Commentant ces propos, le secrétaire général du gouvernement Yoshihide Suga a assuré que Shinzo Abe ne signifiait pas qu'une guerre était possible entre les deux géants asiatiques, dont les échanges bilatéraux ont atteint 334 milliards de dollars en 2012 selon les statistiques nippones.
"J'ignore les détails des commentaires du Premier ministre", a dit Suga lors de son point de presse régulier. "Il a souligné qu'il fallait freiner une expansion militaire sans fin en Asie.

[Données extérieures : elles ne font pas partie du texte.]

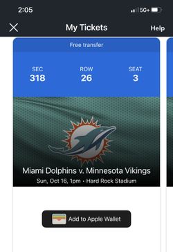 4 Tickets Dolphins Versus Vikings $165Miami, FL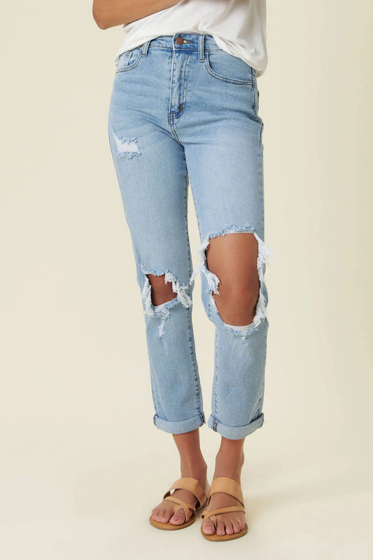 Vibrant MIU High Rise Distressed Light Wash All to Me Mom Denim Jeans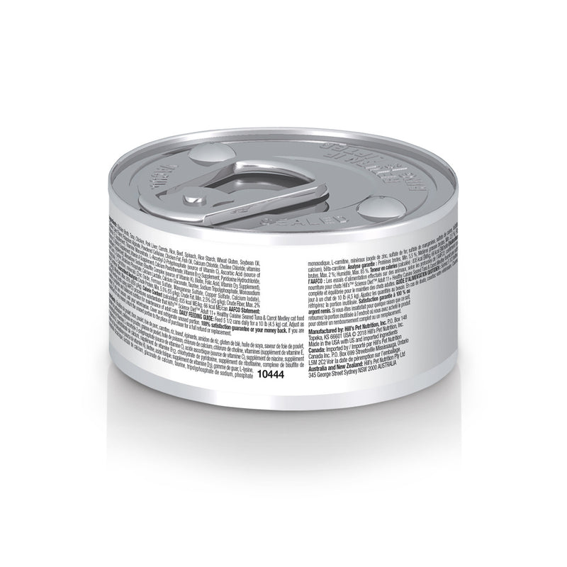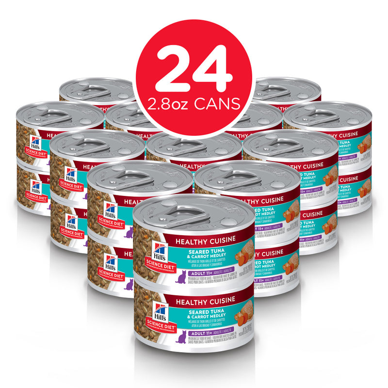 Shop / Hill's Science Diet / Hill's Science Diet Healthy Senior Cuisine Adult 11+ Seared Tuna & Carrot Medley Canned Cat Food Hill's Science Diet Healthy Senior Cuisine Adult 11+ Seared Tuna & Carrot Medley Canned Cat Food Hill's Science Diet Weight: 2.8 oz, case of 24 $47.99 2.8-oz, case of 24 Purchase Options Free In-Store Pick Up Not Available Save 10% on orders $49+ Set your store for inventory and store pickup details Zip Code Search Same-day Delivery* No minimum charge for delivery orders. *Order before 2pm and have it delivered today. Orders placed after 2pm will be delivered the next day. Must be inside delivery radius. Zip Code Unfortunately delivery is not available to this address. In order to ensure the best availability accuracy, changing your selected store will remove all items from your cart. You will need to re-add these items with your newly selected store if you choose to continue. Continue Cancel Ship it to Me Quantity Add To Cart Feeding guide disclaimer ✕ Feeding guides provide a starting point for the amount of food to give your pet each day. We recommend that you keep your pet in ideal body condition and not allow them to become overweight. The amount of food your pet needs can vary based on age, activity level or other food and treats given, so be sure to work with your veterinarian to determine an appropriate weight for your pet, and to make any necessary adjustments to their feeding. Information Made with purposeful ingredients for a flavorful, nutritious meal, Hill's Science Diet Adult 11+ Healthy Cuisine Seared Tuna & Carrot Medley combines the delicious flavors of real tuna and tender carrots in a mouthwatering sauce. Precisely balanced for kidney health in older cats, this senior cat food made with natural ingredients supports an aging immune system with clinically proven antioxidants, vitamin C, and vitamin E. The high-quality protein helps your mature cat maintain lean muscle with a formula that is easy to digest. There’s more to love with the new look of Science Diet. Some of our products also have new names & new formulas. • Senior cat food precisely balanced nutrition to sustain kidney and vital organ health in older felines • Provides mature cats with high-quality protein to help maintain lean muscle • Made with purposeful, easily digestible ingredients your mature cat will love Supports an old cat's immunity with clinically proven antioxidants and Vitamin C+E • This food can be used as a dry topper to add variety or fed as full meal Made with natural ingredients #1 Veterinarian Recommended Delicious seared tuna paired with tender carrots in a mouthwatering sauce Ingredients Chicken Broth, Tuna, Chicken, Pork Liver, Carrots, Beef, Rice, Rice Starch, Spinach, Wheat Gluten, Soybean Oil, Chicken Liver Flavor, Potassium Alginate, Titanium Dioxide color, L-Lysine, Powdered Cellulose, Chicken Fat, Calcium Chloride, Fish Oil, Choline Chloride, Guar Gum, Dicalcium Phosphate, Taurine, Calcium Lactate, Calcium Gluconate, vitamins (Vitamin E Supplement, L-Ascorbyl-2-Polyphosphate (source of Vitamin C), Thiamine Mononitrate, Niacin Supplement, Menadione Sodium Bisulfite Complex (source of Vitamin K), Pyridoxine Hydrochloride, Calcium Pantothenate, Vitamin B12 Supplement, Riboflavin Supplement, Vitamin D3 Supplement, Folic Acid, Biotin), Sodium Tripolyphosphate, L-Carnitine, minerals (Zinc Oxide, Ferrous Sulfate, Manganese Sulfate, Copper Sulfate, Calcium Iodate), Potassium Citrate, Beta-Carotene. Guaranteed Analysis Nutrient Guaranteed Units Crude Protein 5.5% min Crude Fat 2.5% min Crude Fiber 2% max Moisture 85% max Customers also liked Customer Reviews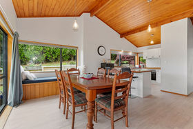 * Spacious lounge with high timber ceilings and large windows fills the space with natural light and warmth, offering beautiful rural views.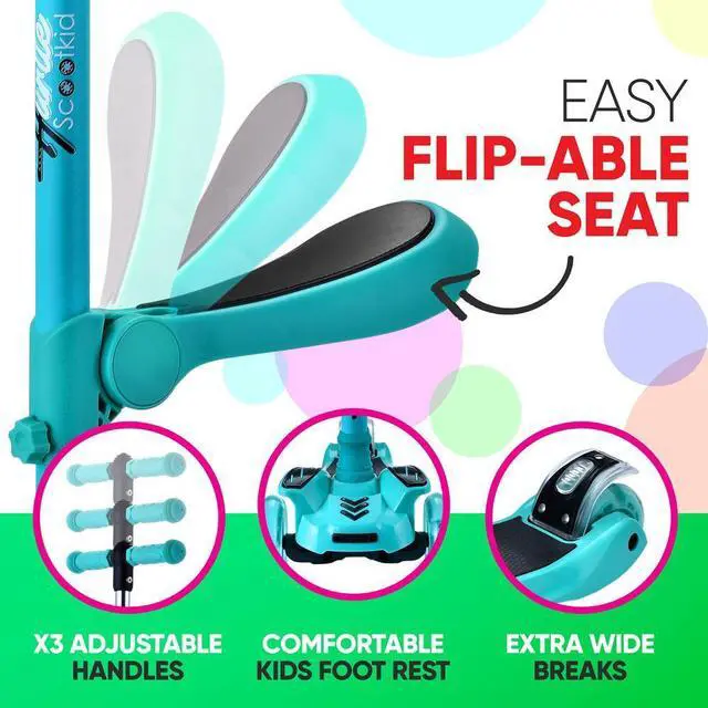 The Hurtle ScootKid 3-Wheel Kids Scooter (HURFS86TB) is a fun and safe scooter designed for children and toddlers. Featuring a 3-wheel trike style and a comfortable fold-out seat, this scooter provides maximum stability and comfort while your child learns to ride.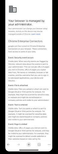 Admins can apply policies and preferences across a user's devices. Settings apply whenever the user signs in to Chrome browser with their managed account on any device. This functionality already exists on Windows, Mac, Linux, ChromeOS and Android. We are in the process of bringing this functionality to iOS.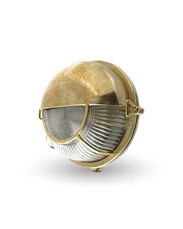 Nautical style wall light fixture made of brass with IP64 protection valid for indoors and outdoors.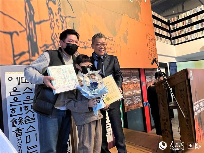 韓國(guó)國(guó)民統(tǒng)合委員會(huì)企劃委員長(zhǎng)、第二屆“秋史杯”中韓青少年書(shū)法大賽組織委員長(zhǎng)崔載千(右)為獲獎(jiǎng)選手頒獎(jiǎng)。人民網(wǎng)記者 馬菲攝 |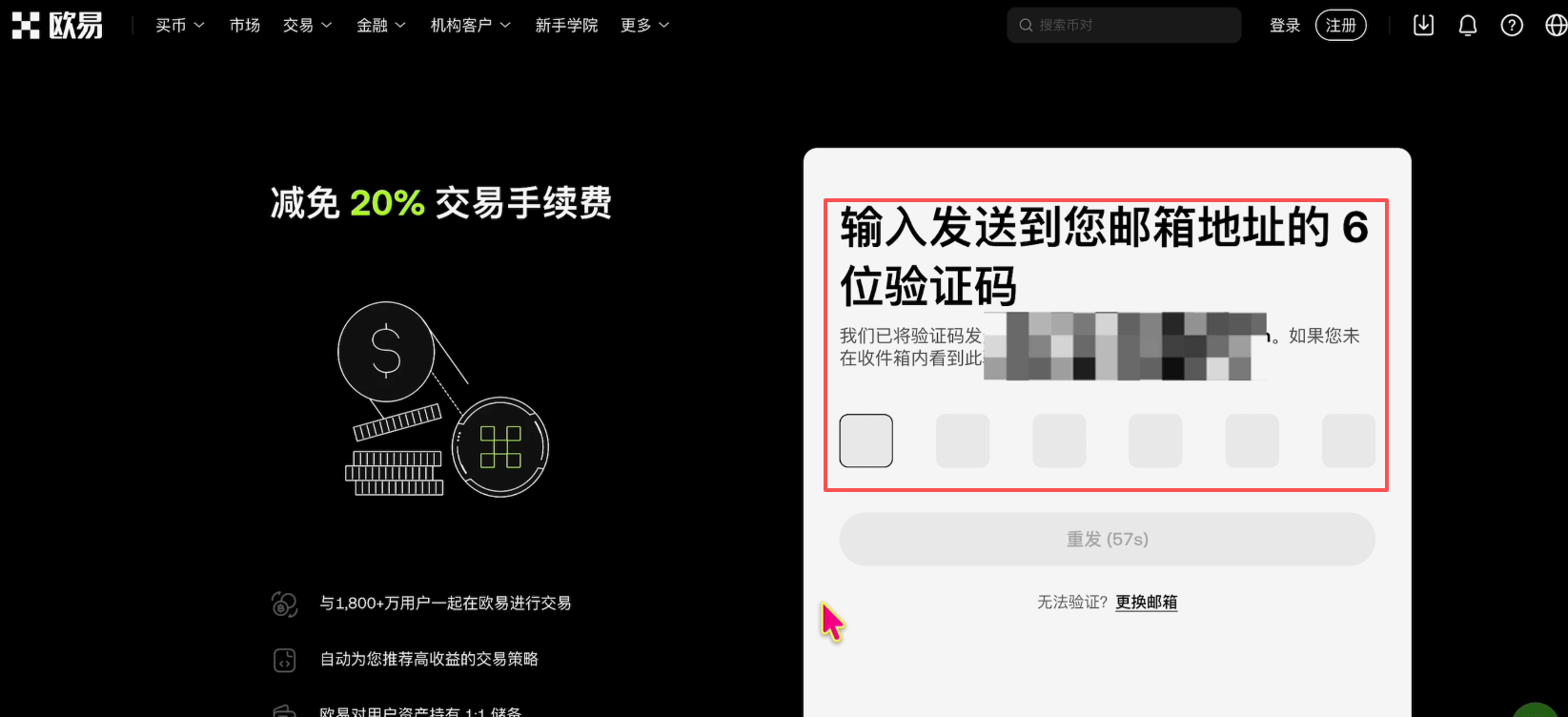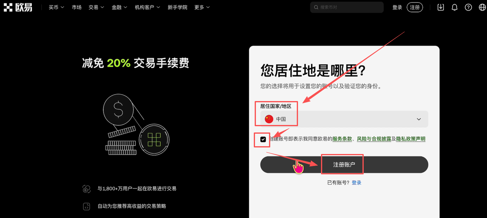 首先,我们先去注册一个欧易账户,还没有注册欧易账户的朋友,可以打开我下方欧易的注册链接,使用我的链接注册,能够永久节省20%的手续费优惠。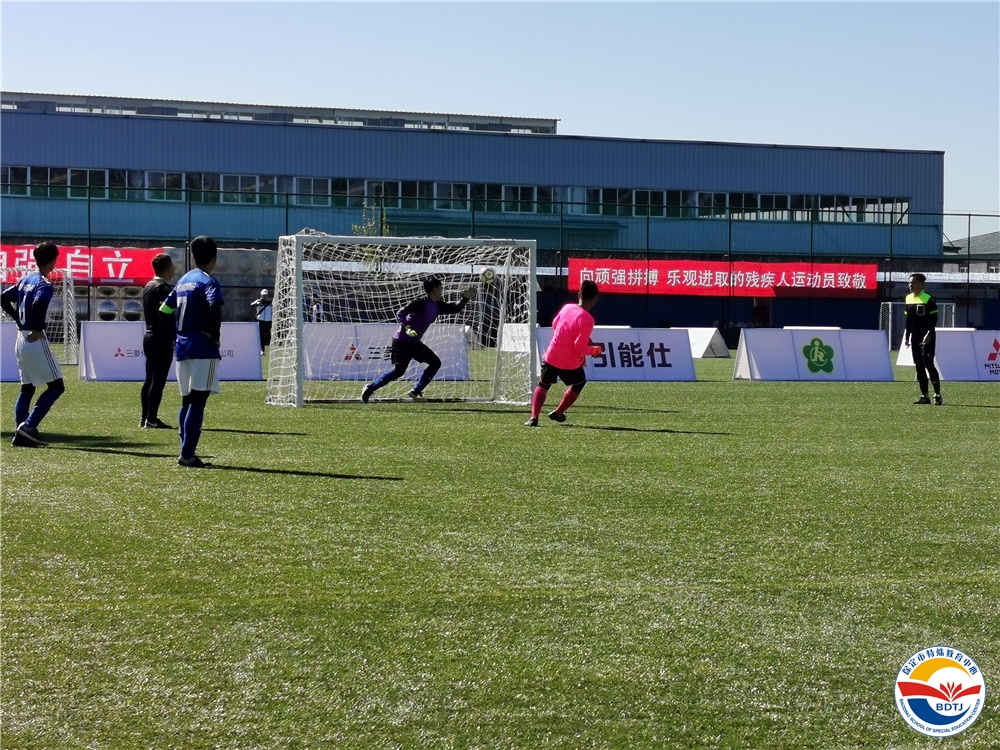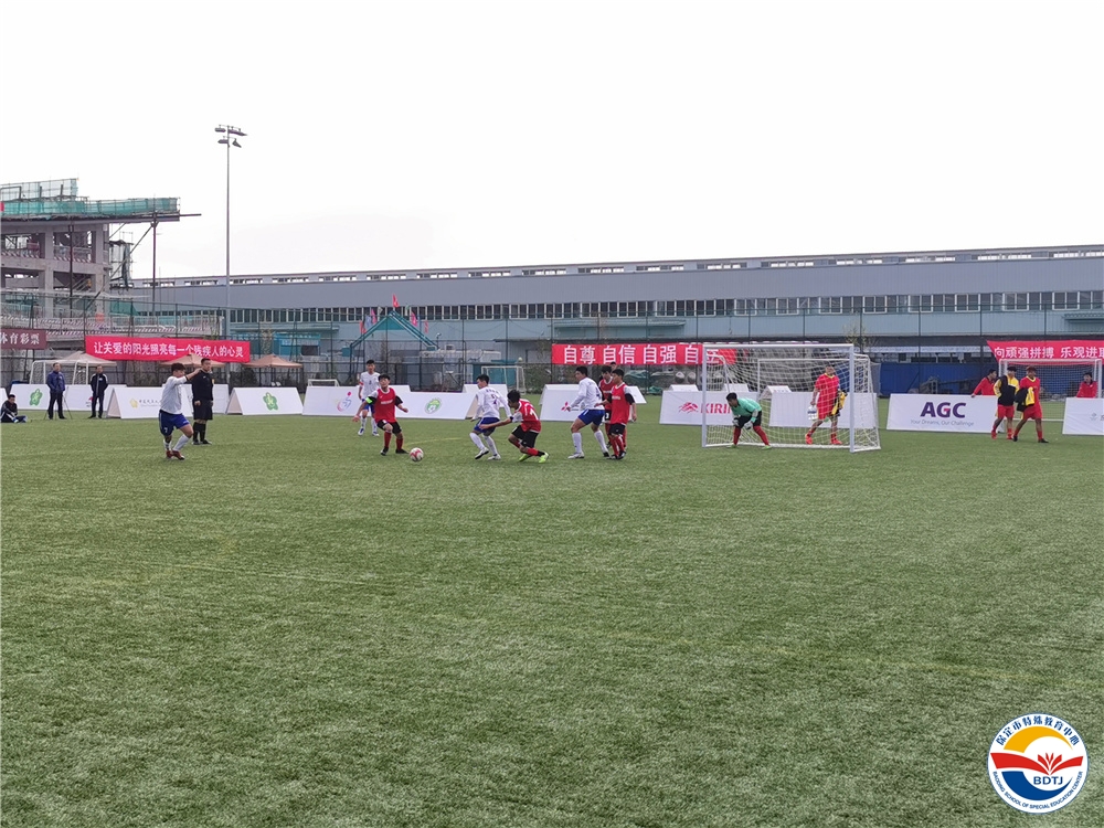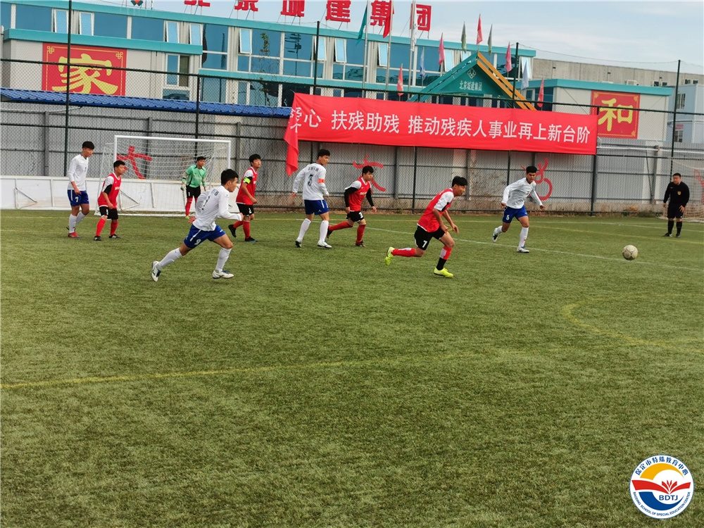 本次比賽在經(jīng)過南北賽區(qū)預(yù)選賽的選拔后,由來自13個(gè)省市的26支基層殘疾人足球隊(duì)參加了在北京進(jìn)行的全國決賽。聾人足球決賽分A、B兩組,我校代表的河北隊(duì)被分在B組。B組對手實(shí)力頗為強(qiáng)勁,困難頗多,但隊(duì)員們敢打敢拼,團(tuán)結(jié)協(xié)作,經(jīng)過小組3場比賽后,以小組第一名的優(yōu)異戰(zhàn)績躋身總決賽,對抗實(shí)力強(qiáng)大的陜西隊(duì)。

Je crois que par ces mots, il a souligné l'importance de la paix et de la stabilité en Asie."
Dans un message diffusé jeudi à la presse chinoise à l'approche du Nouvel An, Shinzo Abe a déclaré que le Japon avait "bâti un pays libre et démocratique et choisi le chemin de la paix" depuis la fin de la Seconde Guerre mondiale.
L'agence Chine nouvelle a de nouveau dénoncé jeudi la visite de Shinzo Abe au sanctuaire de Yasukuni en accusant le Premier ministre japonais "d'enflammer les tensions régionales à un point dangereusement proche de l'ébullition".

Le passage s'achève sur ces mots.